(Items from a data source)
Content starts

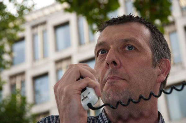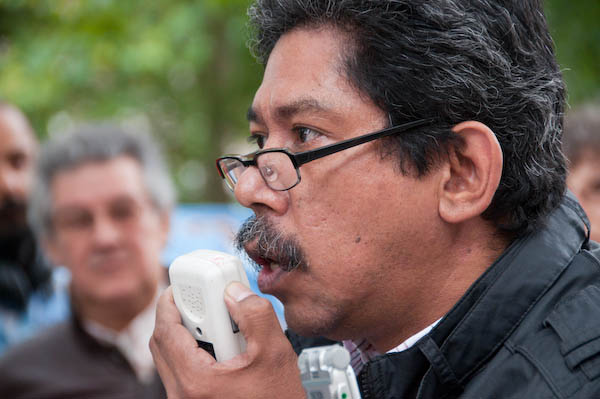 ![]() Jeremy Dear speaks. Behind him two supporters, one with a Venezualean flag, and watching in front of the US Embassy and armed policeman |
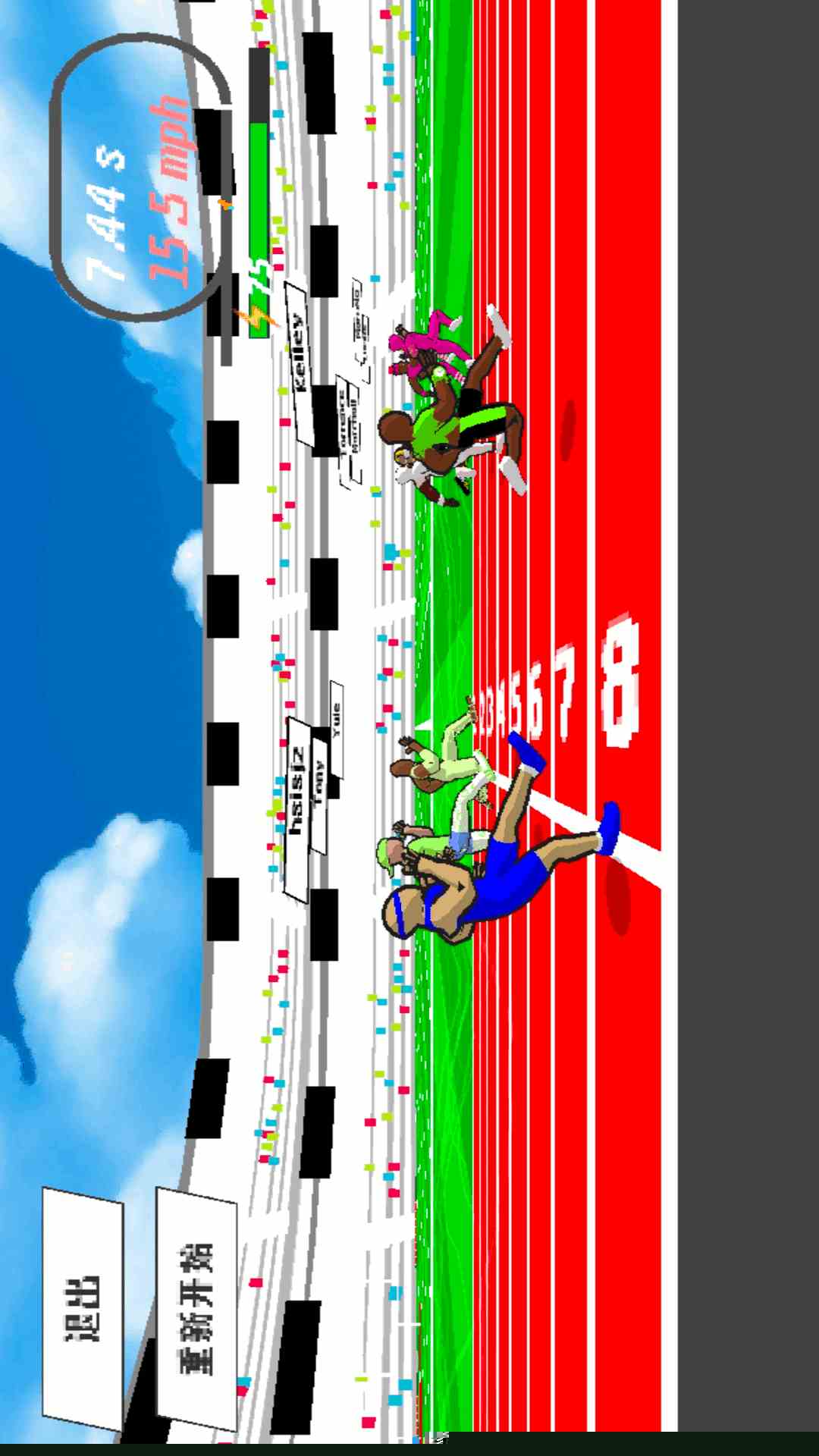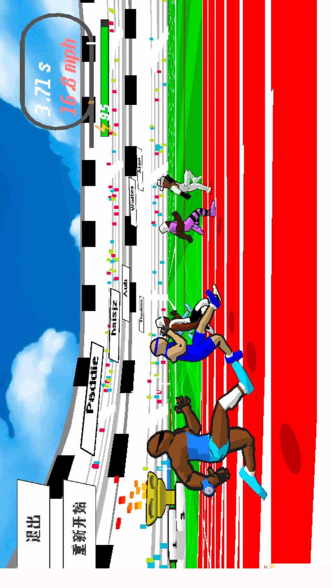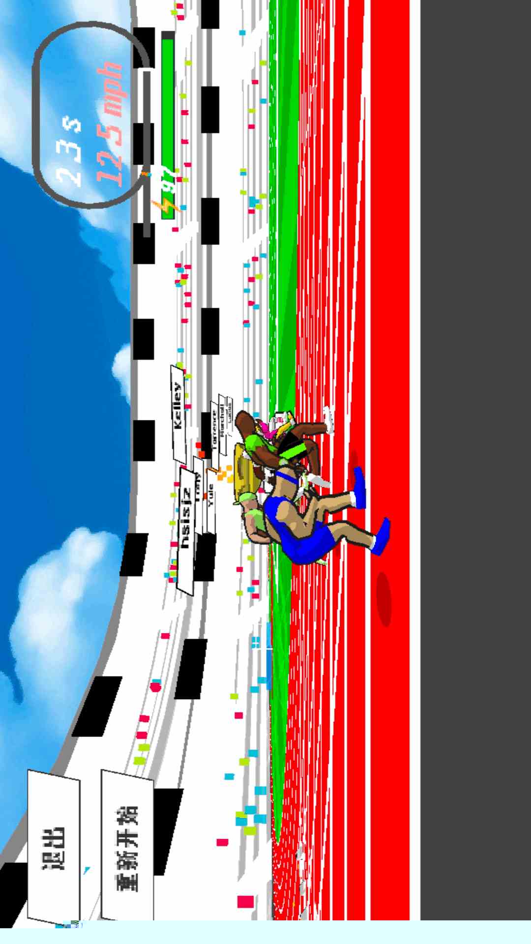 角色动作流畅自然,碰撞与加速特效表现力十足,配合富有节奏感的背景音乐,共同营造出沉浸感极强的竞速氛围。
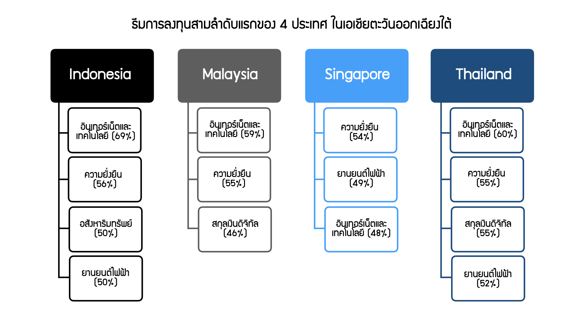 การมองหาธีมการลงทุนกำลังเติบโตขึ้นในหมู่นักลงทุนทั้งหลาย โดยนักลงทุนไทยจำนวน 60% (เทียบกับ 58% ในเอเชียตะวันออกเฉียงใต้ และ 57% ทั่วโลก) ให้ความสำคัญกับการจัดสรรการลงทุนในกลุ่มเทคโนโลยี ในทำนองเดียวกัน ความยั่งยืนก็ยังคงเป็นธีมการลงทุนที่สำคัญ
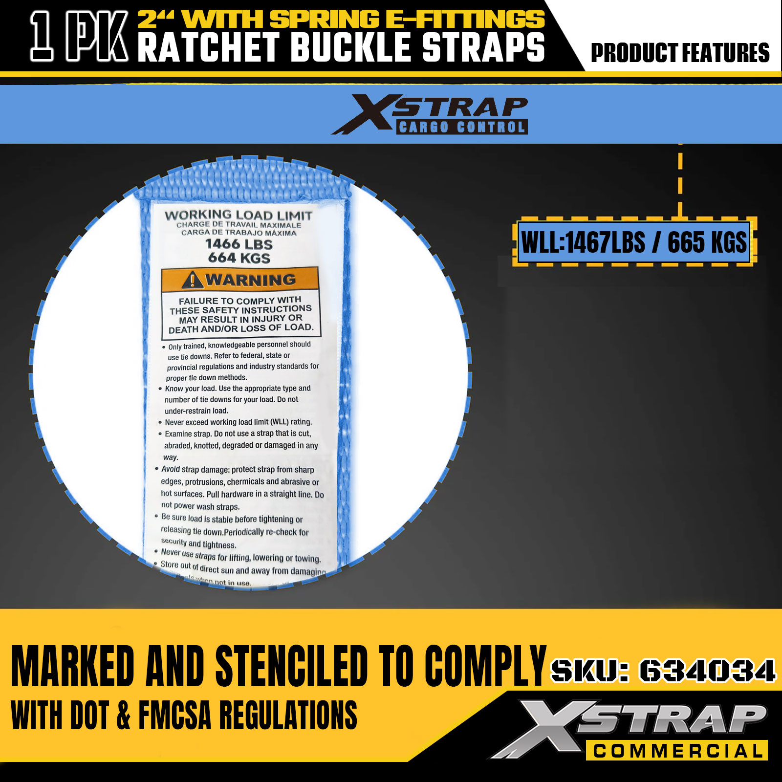 - Marquages clairs de capacité de charge pour une application sûre : clairement étiquetés avec une charge de travail sûre (SWL) de 1 467 lb et une résistance à la rupture maximale de 4 401 lb. Fourni des conseils de sécurité essentiels pour éviter la surcharge et assurer la sécurité des marchandises pendant le déplacement et le transport.
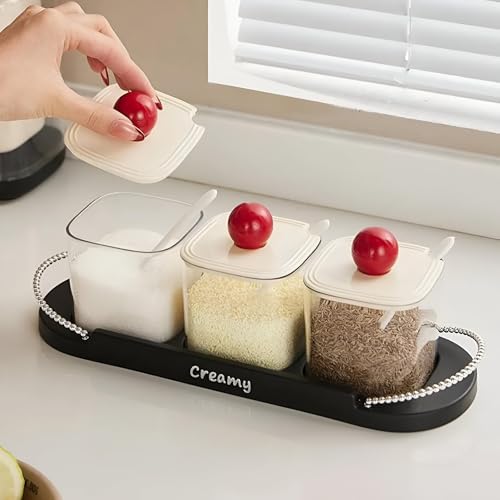 Generic - مجموعة توابل قابلة لاعادة الاستخدام - 3 علب بلاستيكية شفافة مع اغطية وحظائر، بما في ذلك صينية لترتيب المطبخ بسرعة وسهولة للوصول الى التوابل الاساسية
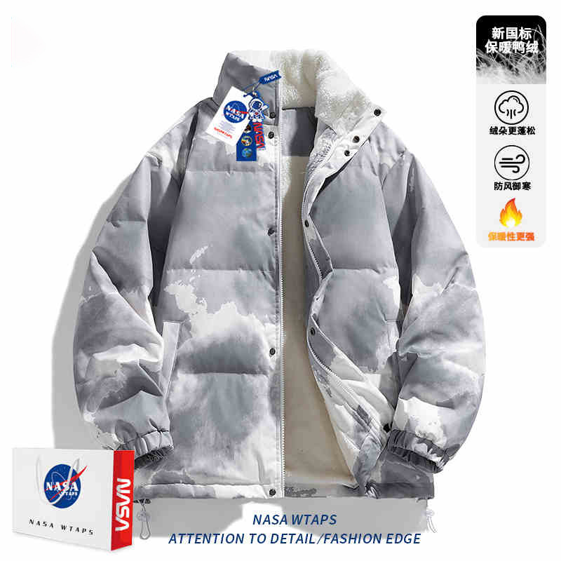 NASA 남성과 여성을위한 위장 다운 재킷 겨울 2024 흰 오리 기모 두꺼운 빵 세트 커플 따뜻한 자켓스토어 가기
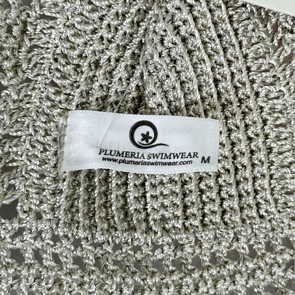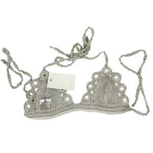 NWT Plumeria Swimwear Exuma Crochet Bikini Top. Light grey/silver top with metallic thread shot throughout. Mixed stitch with boho floral detail around cups. Tie halter and back. Materials: 100% Polyester. No known flaws.
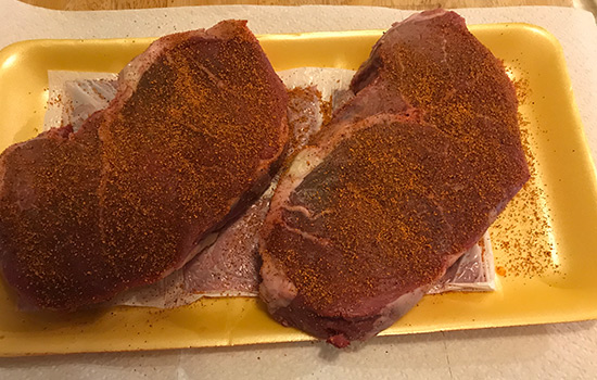 Mix all of your dry seasonings together, it really doesn’t matter here as long as salt and pepper are involved….and you really can’t go wrong with most pre mixed rubs either but keep in mind a good steak really doesn’t need anything other than salt and pepper. Rub the seasoning on the steak and let sit until it’s no longer cold, probably about an hour.
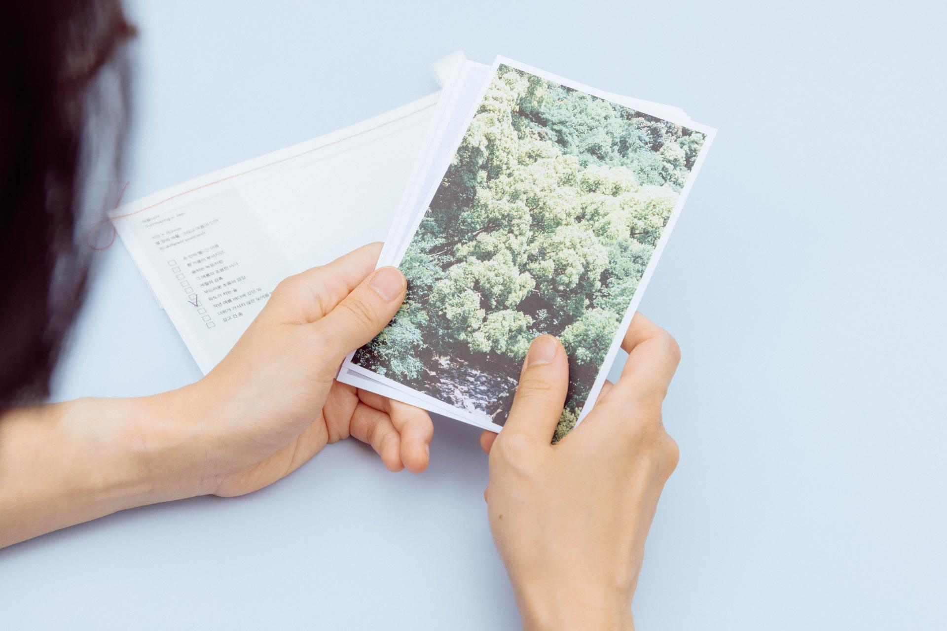각 엽서에는 사진과 함께, 여름을 담은 하나의 문장이 함께합니다.
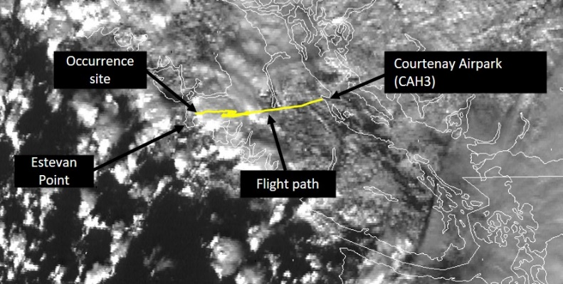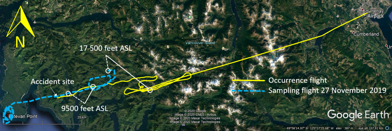 On 21 December 2019, the privately registered Cessna 172H aircraft (registration C-GECG, serial number 172-55070) was conducting a visual flight rules (VFR) flight from Courtenay Airpark (CAH3), BC, with only the pilot on board. Shortly after departing CAH3, the aircraft appeared on radar at 1132Footnote 2 climbing through 1900 feet ASL. At 1203, the aircraft levelled off at 17 400 feet ASL. For the next 15 minutes, it followed the planned flight path for the air-sampling mission with a pattern of flight consistent with previous air-sampling flights, including a transponder code change at 1214.

Content ends

[WHAT THE EXERCISE ASKS] I'd like the entries above repeated exactly, but without any of their pictures.

[RESPONSE TO THIS TASK]
 ![]() Jeremy Dear speaks. Behind him two supporters, one with a Venezualean flag, and watching in front of the US Embassy and armed policeman |
 角色动作流畅自然,碰撞与加速特效表现力十足,配合富有节奏感的背景音乐,共同营造出沉浸感极强的竞速氛围。
 การมองหาธีมการลงทุนกำลังเติบโตขึ้นในหมู่นักลงทุนทั้งหลาย โดยนักลงทุนไทยจำนวน 60% (เทียบกับ 58% ในเอเชียตะวันออกเฉียงใต้ และ 57% ทั่วโลก) ให้ความสำคัญกับการจัดสรรการลงทุนในกลุ่มเทคโนโลยี ในทำนองเดียวกัน ความยั่งยืนก็ยังคงเป็นธีมการลงทุนที่สำคัญ
 - Marquages clairs de capacité de charge pour une application sûre : clairement étiquetés avec une charge de travail sûre (SWL) de 1 467 lb et une résistance à la rupture maximale de 4 401 lb. Fourni des conseils de sécurité essentiels pour éviter la surcharge et assurer la sécurité des marchandises pendant le déplacement et le transport.
 Generic - مجموعة توابل قابلة لاعادة الاستخدام - 3 علب بلاستيكية شفافة مع اغطية وحظائر، بما في ذلك صينية لترتيب المطبخ بسرعة وسهولة للوصول الى التوابل الاساسية
 NASA 남성과 여성을위한 위장 다운 재킷 겨울 2024 흰 오리 기모 두꺼운 빵 세트 커플 따뜻한 자켓스토어 가기
 NWT Plumeria Swimwear Exuma Crochet Bikini Top. Light grey/silver top with metallic thread shot throughout. Mixed stitch with boho floral detail around cups. Tie halter and back. Materials: 100% Polyester. No known flaws.
 Mix all of your dry seasonings together, it really doesn’t matter here as long as salt and pepper are involved….and you really can’t go wrong with most pre mixed rubs either but keep in mind a good steak really doesn’t need anything other than salt and pepper. Rub the seasoning on the steak and let sit until it’s no longer cold, probably about an hour.
각 엽서에는 사진과 함께, 여름을 담은 하나의 문장이 함께합니다.
 On 21 December 2019, the privately registered Cessna 172H aircraft (registration C-GECG, serial number 172-55070) was conducting a visual flight rules (VFR) flight from Courtenay Airpark (CAH3), BC, with only the pilot on board. Shortly after departing CAH3, the aircraft appeared on radar at 1132Footnote 2 climbing through 1900 feet ASL. At 1203, the aircraft levelled off at 17 400 feet ASL. For the next 15 minutes, it followed the planned flight path for the air-sampling mission with a pattern of flight consistent with previous air-sampling flights, including a transponder code change at 1214.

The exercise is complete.